38. A method of producing Interferon-.alpha. 2, comprising providing the cell of claim 29, and culturing the cell in vitro under conditions which permit the cell to express and secrete Interferon-.alpha. 2.

39. A DNA construct that alters expression of an endogenous Interferon-.alpha.
2 gene in a mammalian cell upon integration into the genome of the cell via homologous recombination, the construct comprising (i) a targeting sequence containing at least 20 contiguous nucleotides of one or more of SEQ ID NOs:15,16,17, and 18, and (ii) a transcriptional regulatory sequence.

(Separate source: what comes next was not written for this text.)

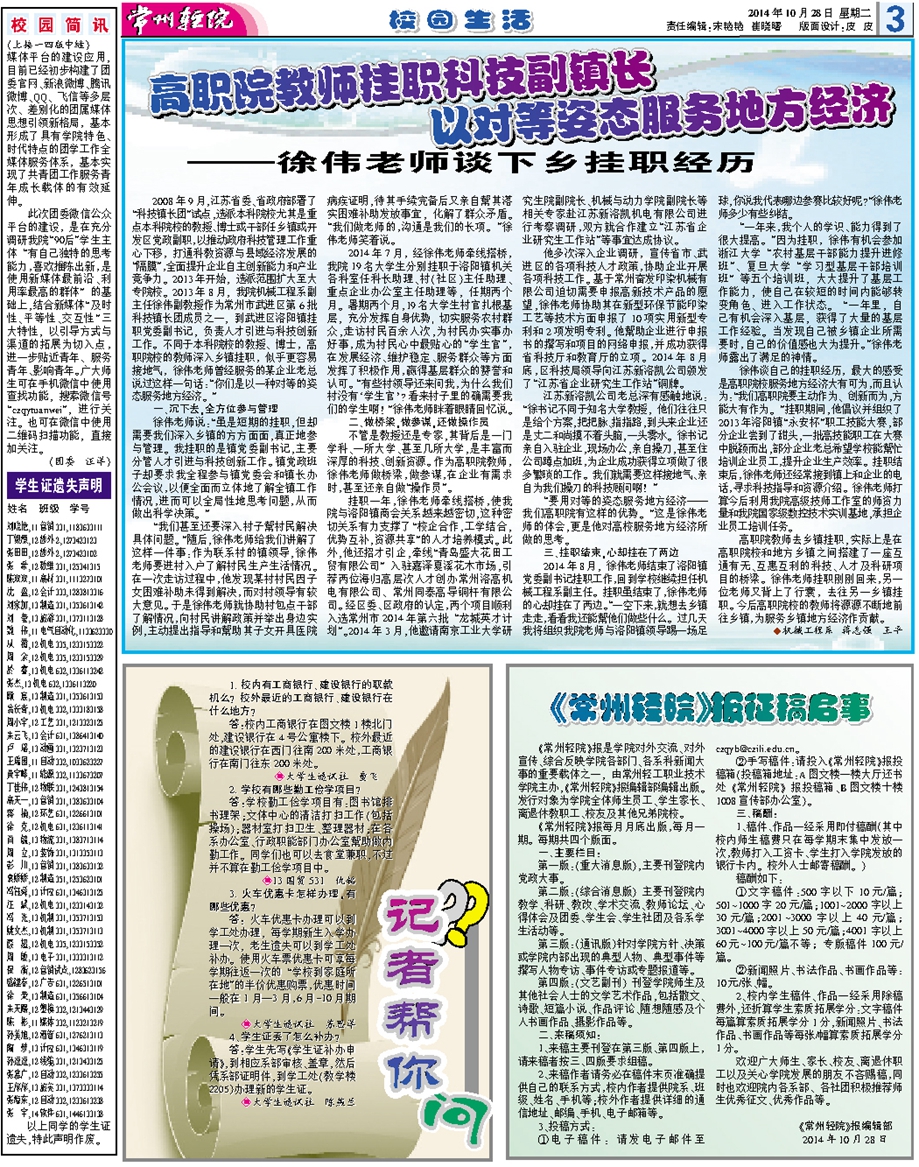 常州輕院報(bào)2014年10月28日第106期總第149期

40. An isolated nucleic acid comprising at least 20 contiguous nucleotides of one or more of SEQ ID NOs:15 and 16, or the complement of one or more of SEQ ID
NOs:15 and 16, wherein the isolated nucleic acid does not encode full-length interferon-.alpha. 2.

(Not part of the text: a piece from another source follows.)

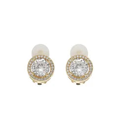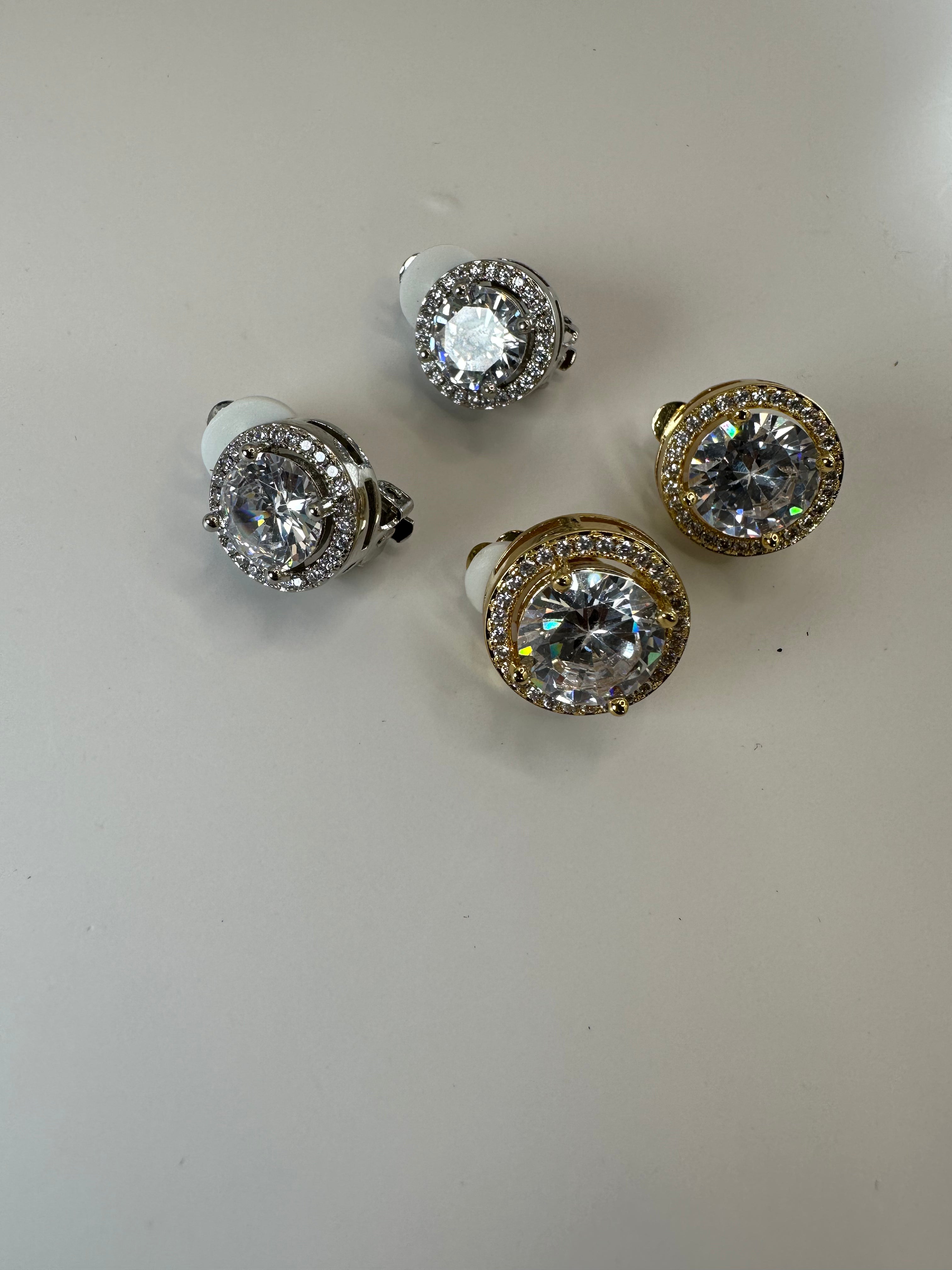 cubic zircon clip on earrings available in 14mm (large) and 12mm (small) size gold and silver colored

41. A homologously recombinant mammalian cell stably transfected with the DNA construct of claim 39, the DNA. construct having undergone homologous recombination with genomic DNA upstream of the ATG initiation codon of an endogenous Interferon-.alpha. 2 coding sequence.

42. A method of altering expression of an endogenous Interferon-.alpha. 2 gene in a mammalian cell in vitro, the method comprising introducing the DNA construct of claim 39 into the cell and maintaining the cell under conditions which permit homologous recombination to occur between the construct and a target site 5' to the coding sequence of the endogenous Interferon-.alpha. 2 gene.

43. Use of the cell of claim 41 in the manufacture of a medicament for the delivery of Interferon-.alpha. 2 to an animal by implantation of the cell into the animal, wherein the cell secretes Interferon-.alpha. 2.

44. A method of producing Interferon-.alpha. 2, comprising providing the cell of claim 41, and culturing the cell in vitro under conditions which permit the cell to express and secrete Interferon-.alpha. 2.